今回は「菱目打ち」という道具をご紹介します。
ご存知の方も多いかもしれませんが、手縫いの革製品は、糸のついた針で直接穴を開けるのではなく、一度この菱目打ちという道具で穴を開けてから縫い進めていきます。
まず大きく分けて、2本目の菱目打ちと複数本目の菱目打ちがあります。
直線で穴を開ける時には、時間を短縮したいことと、より正確にまっすぐな列で穴を開けていくために複数目一気に穴を開けられるものを使います。
一方、カーブになっている部分や、大きく段差がある部分、穴を開ける距離が短い部分などは、複数本目の菱目打ちでは穴をあけることができないので、一目一目、2本目のもので開けていくことになります。
そして、その目の幅によって数多くの菱目打ちが存在します。
写真のものは9本目のものと、11本目のものです。同じ幅の中にある刃の数がそれぞれ9本と11本なのがわかるかと思います。
これで穴を開けていくと、当然9本目のほうが11本目と比較して、目幅の広い穴が開くので、結果的に縫い幅も広くなります。一般的に手縫いの場合、8本目など広めの目幅で縫われているものが多いように感じますが、MUNEKAWAでは11本目のものを基本的に使用しています。

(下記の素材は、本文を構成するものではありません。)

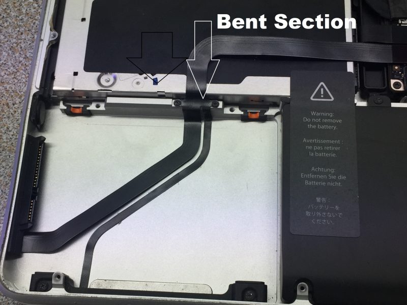 Esnek HDD kablosu MacBook a takıldığında, aşağıda gösterilen süper sürücünün kenarında iki kez 90 derece bükülür. Esnek plastiğin içindeki bakır tel, zamanla bükülen kısımda kırılma eğilimindedir. Arızalı kısım çıplak gözle görülemez. Bir multimetre (süreklilik testi) ile tespit edilebilir veya bükülmüş kısımda bir mikroskopla incelenebilir. Şüpheniz varsa, iyi bir HDD kablosuyla değiştirin.

目幅が狭いということは、同じ距離でもそれだけ縫う回数が増えるので、そういった点では時間のかかることにはなります。機能的な面では、目幅が狭いほうが糸締りが良いので、糸がダメージを受けづらいという利点もあります。
見た目としては、目幅が広いほうが糸目が目立ち、よりカジュアルな雰囲気になるかと思いますが、そこはどちらが良いというものではなく、好みの話になってきます。
また、同じ目幅のものでも、刃の形にもいろいろと種類があります。
写真だけではなかなか違いがわかりづらいのですが、写真右側のもののほうが少し刃が太く、革に穴を開けた際には少しだけ穴が大きくなります。一般的にクラフト用品として販売されている菱目打ちは刃が太めのものが多いように思いますが、MUNEKAWAで使用している菱目打ちは逆に細い穴が開くのが特徴です。
MUNEKAWAでは総じて細い目で、目幅も狭い菱目打ちを使うので、「手縫いっぽさ」は薄いですが、その分独特の高級感ある雰囲気を出せているのではないでしょうか。
今回は「菱目打ち」という道具の説明だけで長くなってしまいましたが、次回はその使い方、作業の部分をご紹介したいと思いますので、お楽しみに。